![]() |
Binnen VNN krijgen we regelmatig te maken met cliënten, die suïcidale gedachten hebben, suïcidaal gedrag vertonen of daadwerkelijk een (geslaagde)suïcidepoging ondernemen. Dit heeft te maken met veel factoren maar het is bekend dat er bij gebruik van middelen en/of verslaving hogere kansen zijn op een suïciderisico.
Suïcidaliteit is een diagnose overstijgend fenomeen. Of je nu wel of niet een verslaving hebt, het komt bij veel mensen voor. Vaak alleen maar in de vorm van gedachtes, maar we zien ook mensen met een vergevorderd plan. Hoe kunnen wij binnen VNN omgaan met dit gedrag en deze problematiek?
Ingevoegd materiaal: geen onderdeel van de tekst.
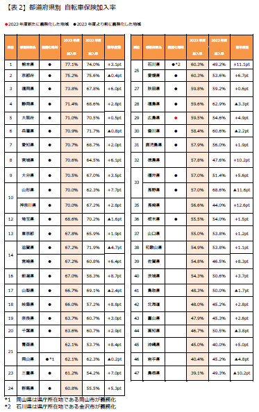 地域別の自転車保険加入状況は、義務化地域(注)が67.7%、義務化していない地域が50.9%と義務化の有無で大きな差が出ています。なお、都道府県別では、熊本県が加入率77.1%でトップとなりました。2023年度に新たに自転車保険への加入を義務化した広島県の加入率は59.5%で、昨年度から4.9ポイント上昇しました。
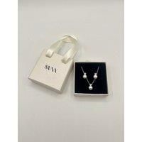 Large Pearl Diamante Necklace and Earrings Set. Offering a timeless blend of sophistication and sparkle. Set in a silver-tone finish, each earring features a lustrous pearl accented with shimmering diamante detailing, making them perfect for both special occasions and adding a touch of glam to everyday wear. A stylish choice for yourself or as a thoughtful gift. Colour: Silver Diamante detail Pearl detail Gift box Stud backing Stainless steel SKU: JE401321 9mm pearl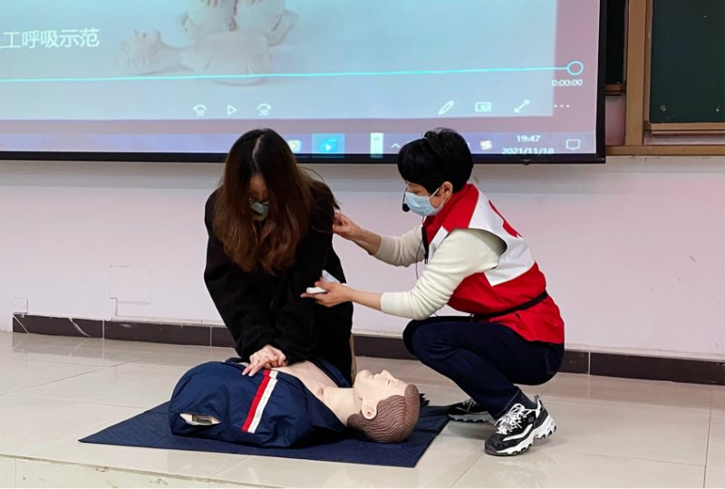 陈爱丽老师强调了当遇到需要急救人员时把握黄金4分钟的重要性以及掌握心肺复苏术的必要性,“心肺复苏是一个生存链,现场施救很重要”,她以自身的专业知识详尽讲解了心肺复苏的三个环节——胸外按压、开放气道、人工呼吸的原理和正确做法,特别举例了在疫情期间判断急救人员呼吸状况的方法,并为能使学生们更加直观地学习,使用了模拟人进行现场演示,强调了急救时须做出准确无误的动作要领。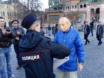 В центре Москвы задержан активист Роман Рословцев, шедший в маске Путина по Варварке по направлению к Красной площади. Об этом сообщает корреспондент Каспаров.Ru.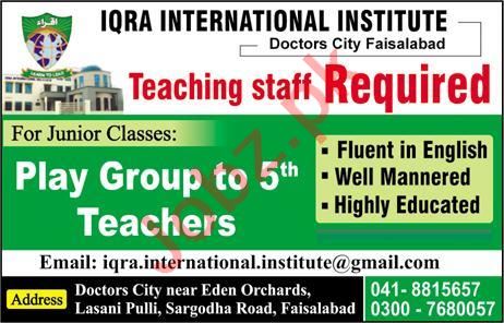 Latest Iqra International School Education Posts Faisalabad 2025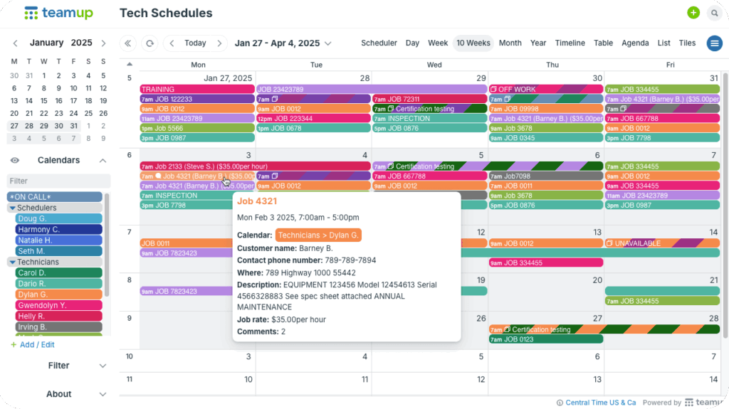 - Create separate sub-calendars for the techs. Organize in folders by team or department.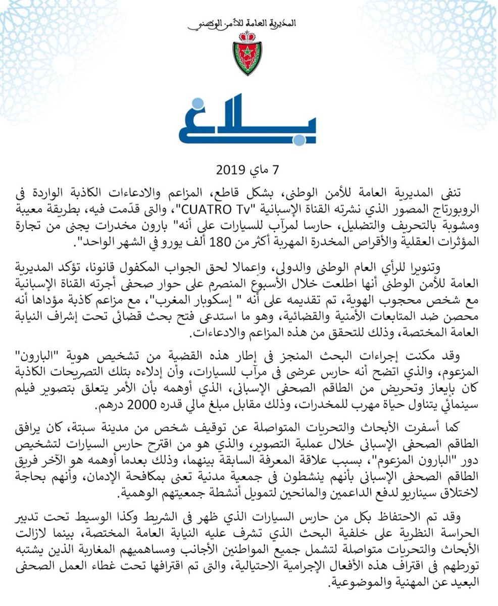 Por qué la @DGSN_MAROC (Policía Nacional marroquí) reaccionó furiosamente con un comunicado contra la tv española @cuatro después del reportaje sobre el "Pablo Escobar marroquí"?

In de Multidisciplinaire richtlijn Diagnostiek en Behandeling van suïcidaal gedrag (MDR) zijn de nieuwste inzichten over de aanpak van suïcide vastgelegd. Een van de belangrijkste thema’s van de richtlijn is om suïcide bespreekbaar te maken. Deze lesdag biedt de hulpverlener ondersteuning en begeleiding om de aanbevelingen uit de MDR toe te passen in het dagelijkse contact met cliënten en er zo zorg voor te dragen dat het een onderdeel is van de totale behandeling.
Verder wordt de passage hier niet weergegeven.